In the above statistics, the subject hit ratio was 95%. The object cache was not quite as lucky. For it, we get a hit ration of 79%. This is still good, but could be better. This would suggest that for the workload on that system, the cache could be a little bigger. If the number used for the cache size is a prime number, you will get less cache churn due to collisions than if it had a common denominator. Some primes you might consider for cache size are: 1021, 1549, 2039, 4099, 6143, 8191, 10243, 12281, 16381, 20483, 24571, 28669, 32687, 40961, 49157, 57347, 65353, etc.

Also, it should be mentioned that the more rules in the policy, the more rules it will have to iterate over to make a decision. As for the system performance impact, this is very workload dependent. For a typical desktop scenario, you won't notice it's running. A system that opens lots of random files for short periods of time will have more impact.

Another configuration option that can affect performance is the integrity setting. If this is set to sha256, then every miss in the object cache will cause a hash to be calculated on the file being accessed. One trade-off would be to use size checking rather than sha256. This is not as secure, but it is an option if performance is problematic.

MEMORY USAGE

Fapolicyd uses lmdb as its trust database. The database has very fast performance because it uses the kernel virtual memory system to put the whole database in memory. If the database is sized wrongly, then fapolicyd will reserve too much memory. Don't worry too much about this. The kernel is very smart and doesn't actually allocate the memory unless its used. However, we'd like to get it right sized.

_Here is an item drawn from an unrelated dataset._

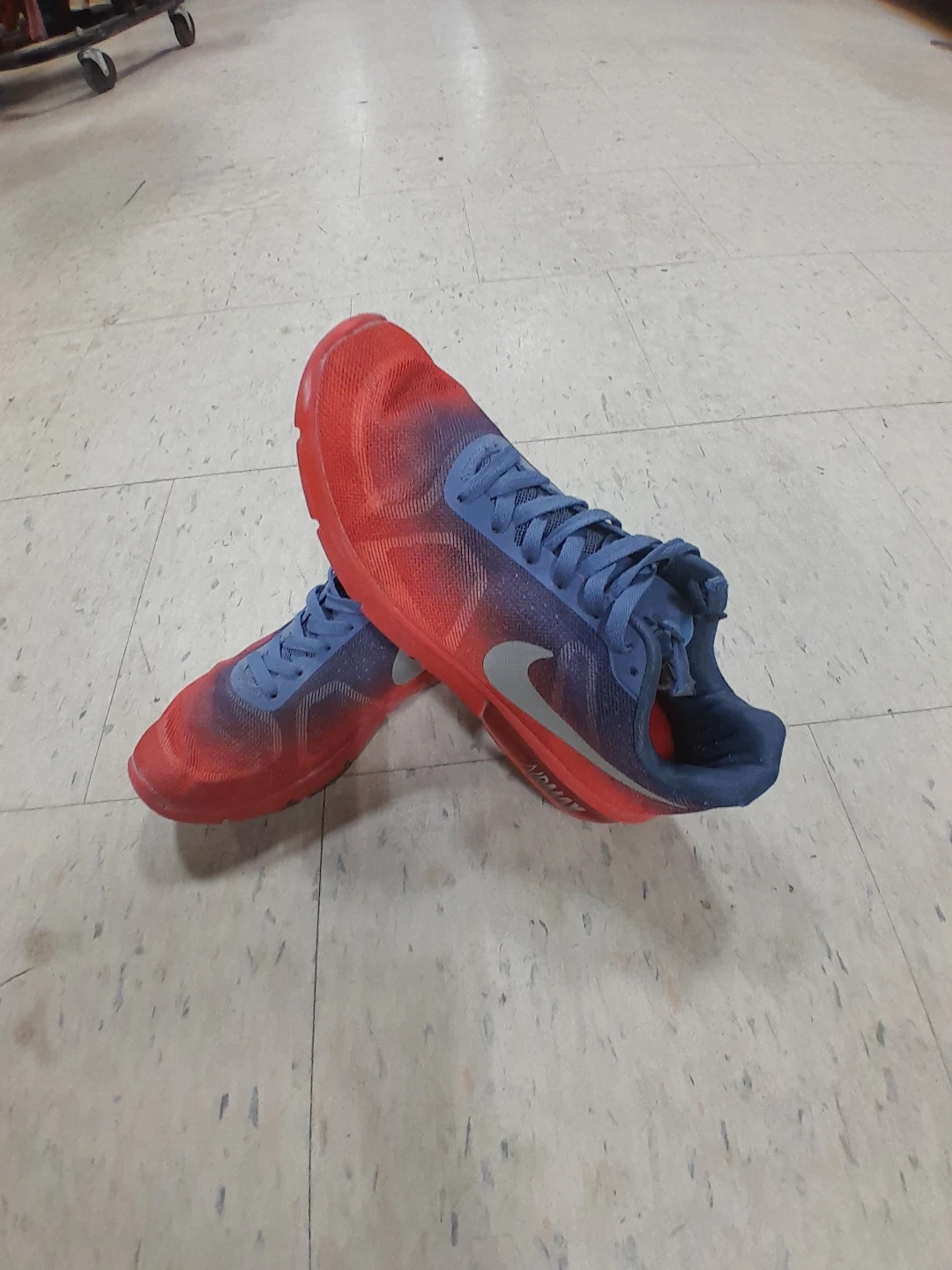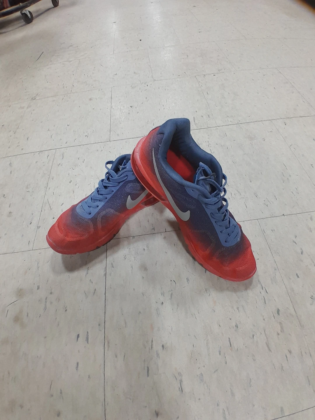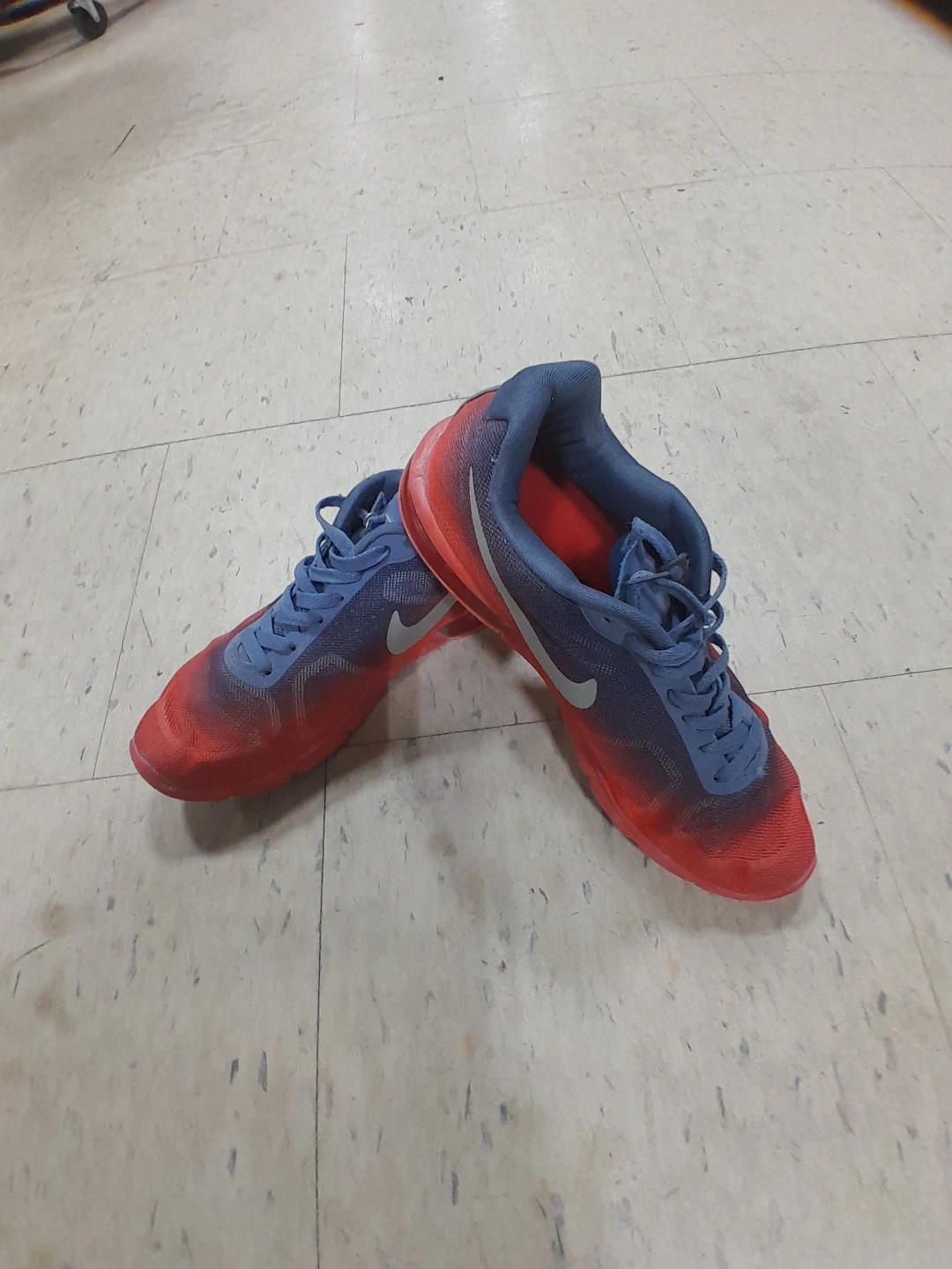 Nike running shoes feature a blue and red gradient design. They're built for comfort and performance on your runs. Mesh upper for breathability original Air Max Size 8.
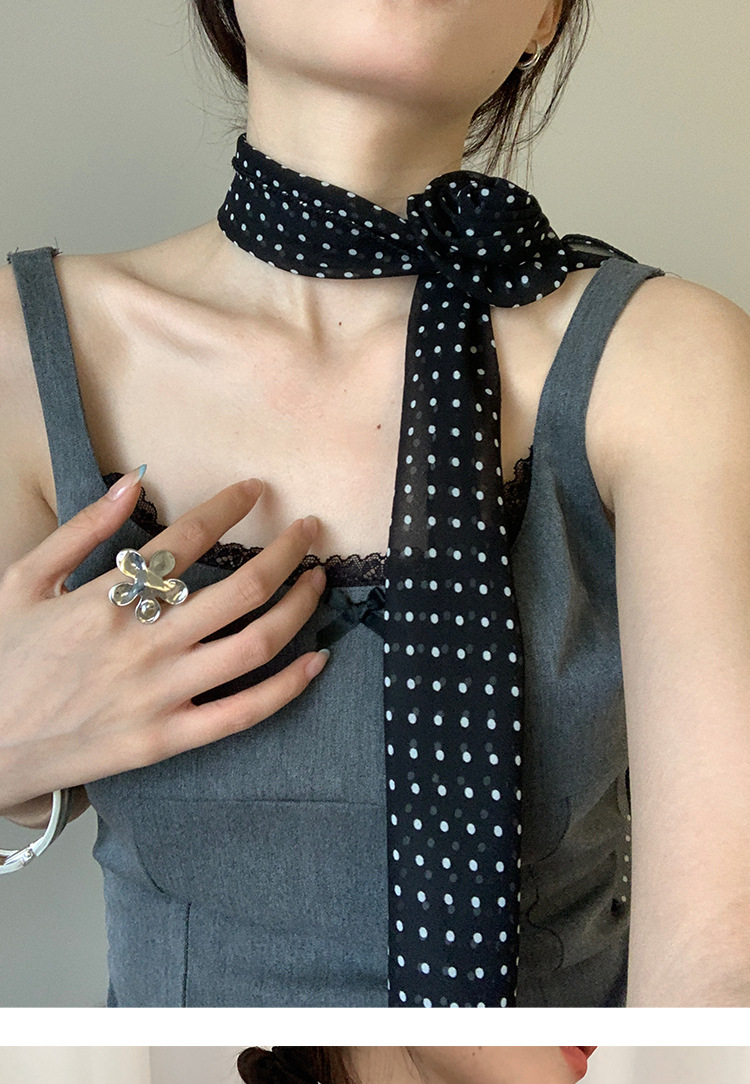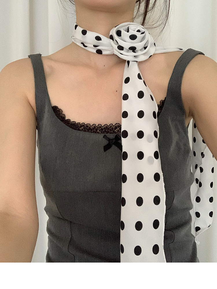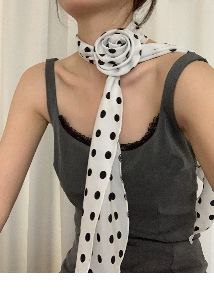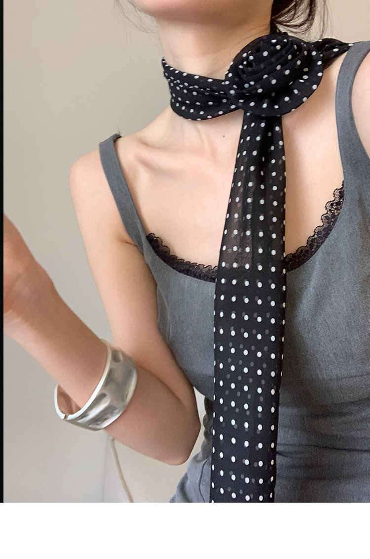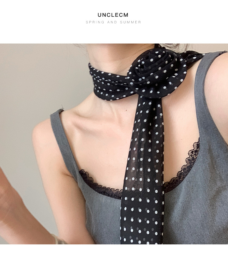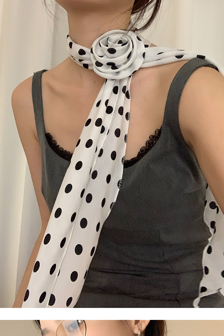 고급 실크 스카프 여성 긴 설문 조사 도트 디자인 2025 새로운 스타일 로즈 스카프 리본 올 매치 넥 블랙스토어 가기

Starting with the 0.9.3 version of fapolicyd, statistics about the database is output when the program shuts down. On my system, it looks like this:

Database max pages: 9728
Database pages in use: 7314 (75%)

This also correlates to the following setting in the fapolicyd.conf file:

db_max_size = 38

This size is in megabytes. So, if you take that and multiply by 1024 * 1024, we get 39845888. A page of memory is defined as 4096. So, if we divide max_size by the page size, we get 9728 which matches the setting. Each entry in the lmdb database is 512 bytes. So, for each 4k page, we can have data on 8 trusted files.

An ideal size for the database is for the statistics to come up around 75% in case you decide to install new software some day. The formula is

 (db_max_size x percentage in use) / desired percentage = new db_max_size

So, working with example numbers, suppose max_size is 160 and it says it was 68% occupied. That is wasting a little space. Putting the numbers in the formula, we get (160 x 68) / 75 = 145.

If you have an embedded system and are not using rpm. But instead use the file trust source and you have a list of files, then your calculation is very different. Suppose for the sake of discussion, you have 317 files that are trusted. We take that number and divide by 8. We'll round that up to 40. Take that number and multiply by 100 and divide by 75. We come up with 53.33. So, let's call it 54. This is how many pages is needed. Turning that into real memory, it's 216K. One megabyte is the smallest allocation, so you would set

db_max_size = 1

Starting with the 0.9.4 release, the rpm backend filters most files in the /usr/share directory. It keeps anything with a with a python extension or a libexec directory. It also keeps /usr/src/kernel so that Akmod can still build drivers on a kernel update.

TROUBLESHOOTING

Whatever you do, DO NOT TRY TO ATTACH WITH PTRACE. Ptrace attachment sends a SIGSTOP which cannot be blocked. Since your whole system depends on fapolicyd approving access to glibc and various critical libraries, that will not happen until SIGCONT is sent. The system can deadlock if the continue signal is not sent. Using gdb will have the same results. With that in mind, let's talk about troubleshooting steps...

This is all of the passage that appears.